5 Tips for Enewsletter Success
By now nearly every charity has some kind of email newsletter. Whether it’s for donors, clients, or customers, your enewsletter is a workhorse that gets your information out quickly, easily, and affordably. But is it effective?
First things first, when you’re creating an enewsletter you need to think about your goals. While it is a powerful communication tool, your enewsletter can’t and shouldn’t be everything to everyone. Figure out what your audience needs most, and, more importantly, what you want them to do. Then deliver that information to them in a format that’s accessible.
If you have multiple audiences, your best bet is to create two separate newsletters with information and messaging specific to those audiences. For example, your donors might want to hear inspiring stories, but your clients need information about upcoming workshops.

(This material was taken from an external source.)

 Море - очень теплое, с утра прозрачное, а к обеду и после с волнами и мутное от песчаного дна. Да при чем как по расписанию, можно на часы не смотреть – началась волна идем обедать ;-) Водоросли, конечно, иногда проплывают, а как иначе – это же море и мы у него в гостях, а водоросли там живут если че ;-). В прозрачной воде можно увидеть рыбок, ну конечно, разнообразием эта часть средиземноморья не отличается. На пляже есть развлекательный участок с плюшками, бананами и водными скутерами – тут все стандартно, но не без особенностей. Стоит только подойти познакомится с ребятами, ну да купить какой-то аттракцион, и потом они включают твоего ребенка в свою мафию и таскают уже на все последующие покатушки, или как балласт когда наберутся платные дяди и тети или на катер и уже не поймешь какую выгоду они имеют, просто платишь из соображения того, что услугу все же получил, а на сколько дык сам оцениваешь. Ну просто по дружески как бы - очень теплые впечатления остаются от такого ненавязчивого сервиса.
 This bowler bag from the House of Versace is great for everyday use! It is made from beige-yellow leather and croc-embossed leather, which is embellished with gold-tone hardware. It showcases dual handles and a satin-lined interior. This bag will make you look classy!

Since these are two distinct needs, they’re also two distinct enewsletters.
Regardless of your audience, there are some practices to follow that will make your sure your enewsletter is effective – that your audience opens it, reads it, and finds it useful.

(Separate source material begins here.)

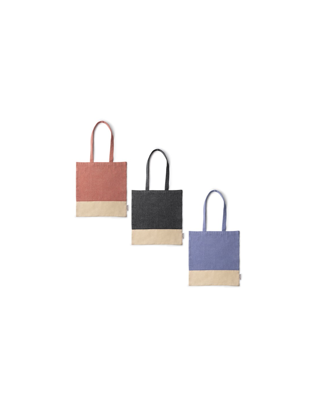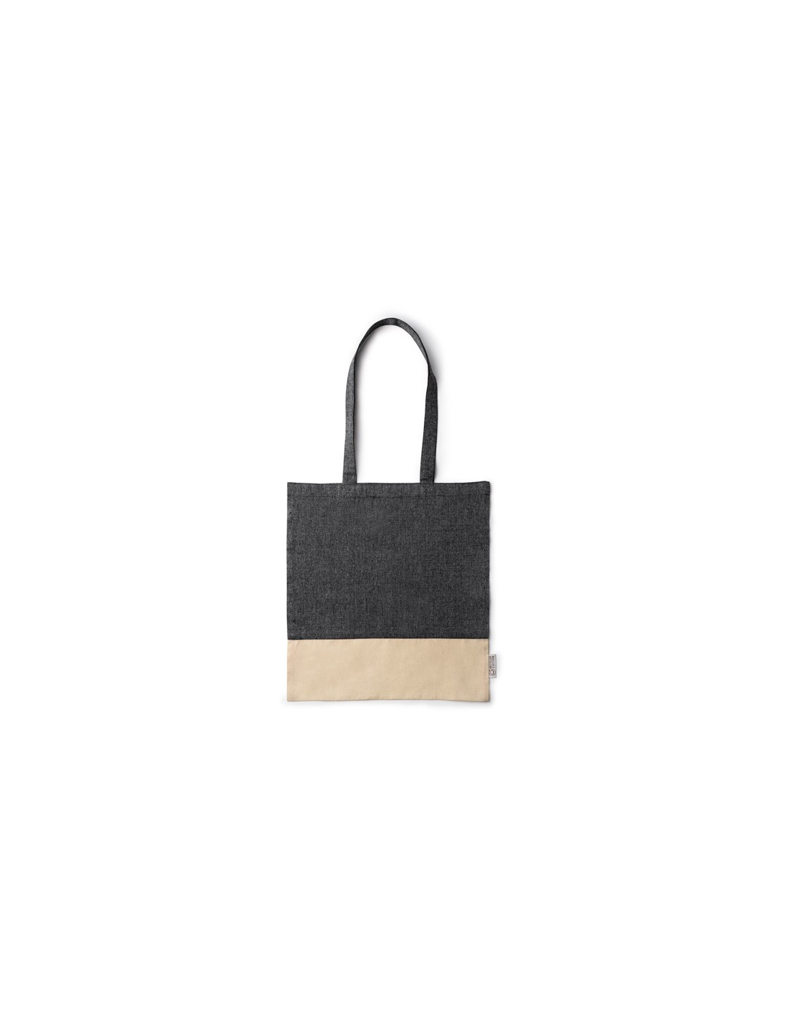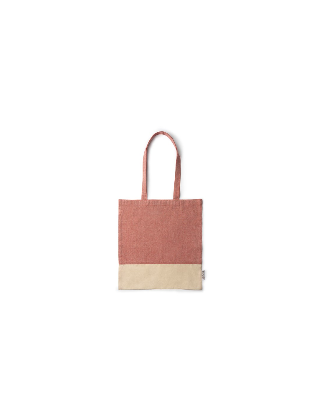 Torba wykonana z bawełny pochodzącej z recyklingu o gramaturze 120 g/m2 z wrzosowym wykończeniem. Wzmocnione uchwyty o długości 70 cm.
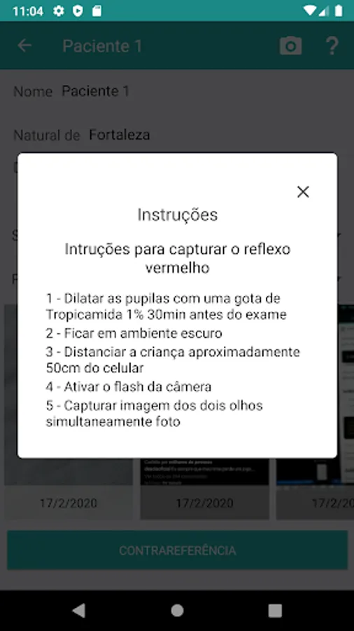The reflection registration can be done via camera or by selecting photos from the gallery. Doctors can analyze the images and select whether the red eye reflex is normal or abnormal. If it is changed, guidance on the referral of the patient to the ophthalmologist is displayed. After consulting with an ophthalmologist and returning the patient, the doctor can feed the patient's file with the ophthalmological diagnosis.

Here are five easy-to-implement tips to get you started on the road to enewsletter success.
1. Repurpose your content
Let’s be honest. The idea of creating another communications piece might not be the most appealing. But you can create a successful enewsletter without adding a tonne of extra work to your already full plate simply by repurposing your existing content. If you have a blog, write articles that can be re-used in your enewsletter. You can also recycle videos you’ve posted on YouTube or your social media channels. This is also a great way to mix up the content types that you’re sharing in your newsletter, and to drive traffic over to your website.
2. Keep it short
Your enewsletter isn’t a laundry list of everything you’ve done in the last month. If you’re already producing content for your website and social media channels, choose the best performing pieces, or those that you know would appeal to your audience, for your enewsletter. And don’t write entire articles in the body of the email. Write concise, compelling teasers for each article, and provide links to those.

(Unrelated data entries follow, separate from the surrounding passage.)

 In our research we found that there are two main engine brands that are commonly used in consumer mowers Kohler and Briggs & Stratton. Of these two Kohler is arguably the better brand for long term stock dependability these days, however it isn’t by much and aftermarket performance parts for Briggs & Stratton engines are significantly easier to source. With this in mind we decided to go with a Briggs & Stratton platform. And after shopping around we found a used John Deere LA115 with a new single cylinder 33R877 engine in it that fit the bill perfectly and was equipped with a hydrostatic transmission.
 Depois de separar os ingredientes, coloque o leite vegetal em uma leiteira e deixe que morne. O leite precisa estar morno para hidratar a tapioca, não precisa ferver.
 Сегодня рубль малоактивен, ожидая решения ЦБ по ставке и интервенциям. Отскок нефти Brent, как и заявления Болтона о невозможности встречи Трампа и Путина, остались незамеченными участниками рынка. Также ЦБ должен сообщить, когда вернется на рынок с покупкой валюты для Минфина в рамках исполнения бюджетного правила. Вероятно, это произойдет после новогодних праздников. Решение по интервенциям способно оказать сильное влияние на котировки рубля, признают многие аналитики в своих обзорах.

3. Choose your frequency and stick to it
Decide up front on how often you’ll send your enewsletter, and then stick to your plans. If you’re just getting started, try something manageable and increase from there. That said, you should definitely try to send your newsletter at least once a month to stay top of mind with your audience. You don’t want a donor or client to see an email from you in their inbox and not remember who you are or how they got on your list.
4. Format for mobile first
More emails are opened on mobile devices than on desktop email clients. For that reason you should be designing your email newsletter for mobile first. Many email marketing tools allow you to create mobile-responsive emails that automatically format depending on what platform they are being opened on. Make sure that when you’re designing your email, it’s simple and uncluttered, and that you’re using fonts that are easy and large enough to read on a smaller screen.
5. Test subject lines and segmentation
Your subject line is your chance to grab your audience and pull them in. So please don’t use the following subject line: “Charity XYZ Newsletter.” Test out different options to see which work best for your audience. Is it a heartfelt opening line, or something more click-baity? Either way, your subject lines should be urgent, compelling your readers to open your email right now.
And while you’re testing, try segmenting your mailing list and tailoring your messages and content to specific audiences. You could try segmenting your list by monthly versus non-monthly donors and customizing messaging. Or you might try dividing up your client newsletter by people who attended your one-off workshops versus people who took a full-year course.
Value your unsubscribes. As you start emailing more often, you’ll find your unsubscribe rate will go up. That’s okay! Remember not to take it personally. The people who unsubscribe from your mailing list are telling you about their contact preferences, and that means you won’t waste time and energy trying to engage and communicate with people who won’t respond. This leaves you time to focus getting the messaging to your target audience just right.